Меню
6+

«Новости Приобья». Общественно-политическая газета Нижневартовского района

06.05.2021 11:55 Четверг
Категория:
Если Вы заметили ошибку в тексте, выделите необходимый фрагмент и нажмите Ctrl Enter. Заранее благодарны!
Выпуск 47-48 от 06.05.2021 г.

Я помню, отец, тепло твоих рук...

Автор: Софья ЯРЫГИНА.

Рассказы мамы о детских пальтишках, по карманам которых были рассованы банки со сгущёнкой, целая улица срубленных домов и даже одна библиотека – у каждого осталась своя память об отцах-фронтовиках.

Дважды призван, дважды похоронен. Но живой

Кому-то из детей, как Анатолию Сармаеву из Зайцевой Речки, повезло: солдат дожил до Победы, вернулся домой, стал восстанавливать запущенное хозяйство – своё и вдобавок колхозное, ведь война проредила мужчин, а из тех, кого оставила, немногих отпустила без кровавой дани. Отца Анатолия Николаевича она дважды хоронила (только сама мать знает, чего ей стоили эти похоронки и мысль: «Как поднимать одной четырёх детей?») и дважды же призывала. Воевать наш земляк ушёл в августе 1941 года. Служил командиром отделения разведки в 364 стрелковой дивизии на Северо-Западном фронте. Весной 1942-го после боёв под селом Великое родным Николая Сергеевича отправили первую похоронку. Едва семья воспрянула духом от письма – «Я жив!», – как вскоре пришла вторая. Солдата тяжело ранило. Но всё же не до смерти – война, взяв своё, неохотно отпустила человека. Это был 1943 год.

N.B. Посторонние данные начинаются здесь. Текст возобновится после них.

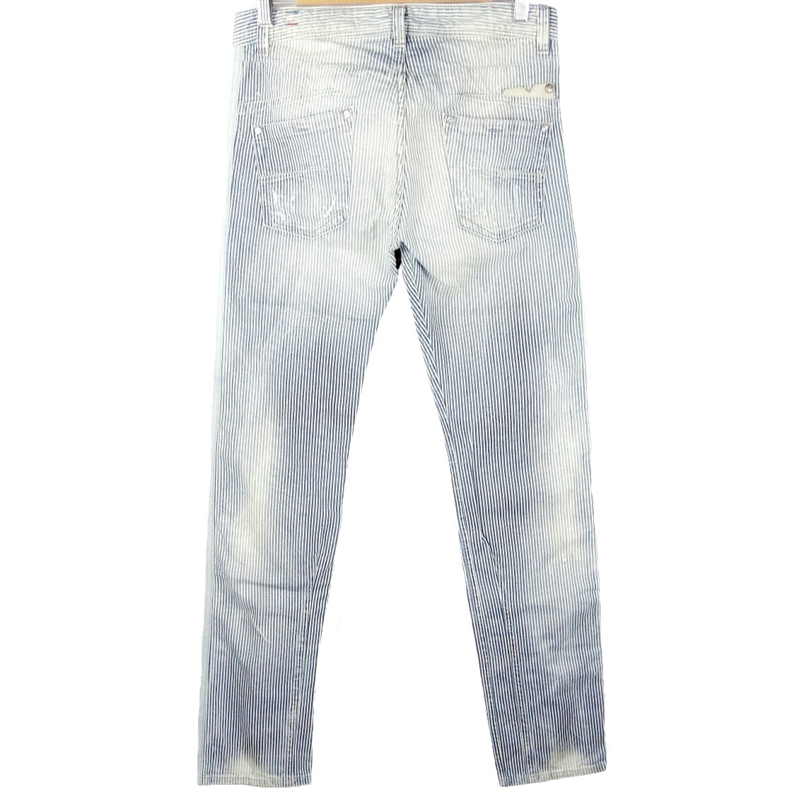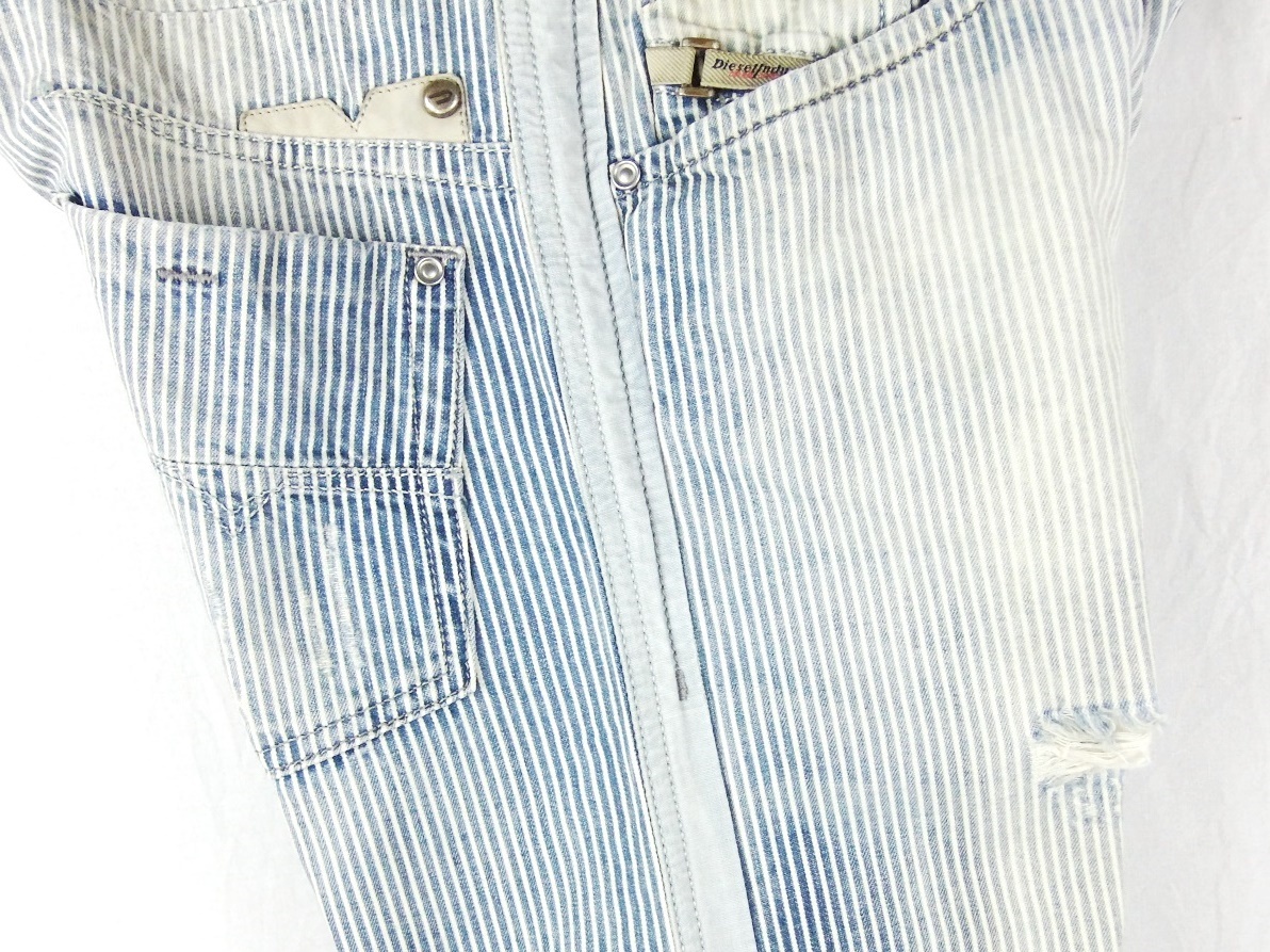| 商品説明 | ■商品について ブランド名:DIESEL 販売元:ディーゼルジャパン(株) 生産国:MADE IN ITALY イタリア製 サイズ:W29 L32 カラー:インディゴ × ホワイト 素材:コットン 100% モデル:DARRON / 0063Q ・ウォッシュ加工 ・ダメージ加工 ・フロント ボタンフライ ・裾上げ なし DIESEL の DARRON デニムパンツ、 全体的にスッキリとした美しいシルエットが特徴、 風合い豊かなヒッコリーデニム生地が採用されています。 着こなしの幅が広いアイテムなのでお勧めですよ。 是非この機会にご購入を検討頂けますと幸いです。 表記サイズ:W29 L32 ウエスト幅:約39.5cm 股上:約25cm 股下:約82cm 裾幅:約17.5cm 腿幅:約27.5cm (股下付根部分) ※平置にて計測 ※素人採寸のため多少の誤差はお許し下さい ■状態について 全体的に着用に伴う使用感、微かな薄汚れはありますが、 着用に支障がある程の目立つダメージ汚れはありません。 まだまだ問題なく着用頂ける状態です。 中古品のため少しでも状態を気にされる方、 完璧な商品をお求めの方は入札をお控え下さい。 -------------------------------------------------------------------- 他にも衣料品を中心に出品させて頂いております。 複数落札して下さった場合には、まとめて発送させて頂きますので、 送料がお得になります。⇒【出品リスト】 |

В родной деревне (она пропала с карты Ларьякского района в советские времена) мужчину сразу назначили председателем колхоза. Чуть позже, когда с фронта демобилизовался следующий, кому можно было передать хозяйство, его направили в Вампугол – здесь положение с мужчинами было ещё бедственнее. Фронту же требовались хлеб и мясо, которые давал колхоз.

До весны 1945 года Николай Сергеевич руководил вампугольскими женщинами и подростками: работал с ними на пашне, помогал на скотном дворе, принимал улов рыбоартелей. Приходил домой затемно, когда дети уже спали. Они его в те годы почти и не видели: знали, что отец – председатель, и понимали, сколько у него забот. Да и не до того было, своих дел хватало. На них лежал уход за огородом, который сажала мать, чтобы прокормить семью.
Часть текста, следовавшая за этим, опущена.